The Winter's Tale Review - A King's Shakespeare Society Play
“A sad tale’s best for winter.”
William Shakespeare’s problem play The Winter’s Tale is really two plays: the first a tragedy of a jealous tyrant who destroys his family, and the second a comedy, complete with dances, disguises, marriage and usually redemption. Every production struggles to unite these two disparate dramas, but the King’s Shakespeare Company welcomed the challenge and took the opportunity to showcase their versatility in the Greenwood Theatre. The director Gusta Matthews, assisted by Callum King, used the gaps in Shakespeare’s directions to end, not on redemption, but in mystery and abiding guilt.

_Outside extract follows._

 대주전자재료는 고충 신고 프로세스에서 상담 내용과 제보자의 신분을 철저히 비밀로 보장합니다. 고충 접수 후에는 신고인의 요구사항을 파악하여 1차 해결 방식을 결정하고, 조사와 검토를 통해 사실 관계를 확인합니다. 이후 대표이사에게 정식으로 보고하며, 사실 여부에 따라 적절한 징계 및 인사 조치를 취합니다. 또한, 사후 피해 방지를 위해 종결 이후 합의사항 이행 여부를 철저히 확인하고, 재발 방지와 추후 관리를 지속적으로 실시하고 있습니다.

The first half is dominated by King Leontes (Adam Walker-Kavanagh) and his bottomless paranoia. The relationship between his servant, Camillo (Nick Bates) and the falsely-suspected adulterer Polixenes (Gabriel Thomson) was engrossing, Bates revealing something of the moral dilemma into which he is thrust. As Leontes comes to accuse his wife, Hermione (Aine Maher) of being unfaithful, his resentment affects his courtiers (Tristan Moritz and Darragh Creed), his unborn daughter and his son Mamillius (Holly Evans). This first half is unrelentingly dark, with each death taken as its own tragedy. Though the baby in swaddling bands was a little unrealistic, the care shown by each character to the infant Perdita held us in horror as Leontes plans how to dispose of the baby. After the courtier Antigonus (Arthur Manning) has abandoned Pedita, the notorious bear comes to devour him. This was handled briefly, but thankfully without descending into clumsy farce. It is the sudden death of Leontes son, however, in fulfillment of the oracle that sees him awake from his ‘diseased opinions’.

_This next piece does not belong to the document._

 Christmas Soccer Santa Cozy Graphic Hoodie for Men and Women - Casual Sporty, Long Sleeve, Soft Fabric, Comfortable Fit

After Time (Darragh Creed) announces the passing of sixteen years, we find Polixenes’ son Florizel (Ilia Sigarev) to be courting the grown up Perdita (Evans), brought up by the Shepherd (Meg Hain) and the Clown (Manning). It is at this point Shakespeare’s familiar comic devices come into play, with music, costumes and dances, and the rogue Autolycus (Jonathan Combey) triumphantly leading the change in tone from the austere to the absurd, melancholy to merry. The far-fetched coincidences were delivered with the gentle logic of fairytales and fittingly the stage was swamped, sometimes inexplicably, with a low theatrical fog. The chaotic quarrels and dances of the Bohemian scenes kept the audience on their toes and displayed the collaborative strength of the entire cast, wholly present and involved. As the principle characters eventually gather together to resolve their arguments under the sight of a penitent Leontes, it is Paulina (Rosanna Adams) who leads the play to a finish. Adams balanced Paulina’s arch and knowing side well with her compassion and moral convictions.

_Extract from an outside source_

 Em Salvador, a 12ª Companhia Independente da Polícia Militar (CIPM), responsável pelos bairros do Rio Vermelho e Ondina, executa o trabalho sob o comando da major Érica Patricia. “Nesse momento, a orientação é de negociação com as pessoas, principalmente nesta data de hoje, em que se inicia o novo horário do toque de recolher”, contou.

The last few dramatic beats of the play contained a series of conscious decisions that refused to leave us comfortably satisfied. The statue of the late Hermione turns out to be the queen herself, mystically returned, but not as the loving wife Leontes once had. The acting here really cemented this moment not as Leontes’ redemption but as a breathing reminder of his crimes. Leontes, left bitterly alone, sees his dead son at play with no mysteriouss resurrection. Finally, nothing but the bare pedestal of the statue remains. The simplicity of this image and its haunting cold light is disturbing precisely because it feels incomplete. At the heart of the play sits an empty pedestal: its meaning unclear, its presence imposing. Everyone involved in this production should be congratulated on retelling this most perplexing of Shakespeare’s plays.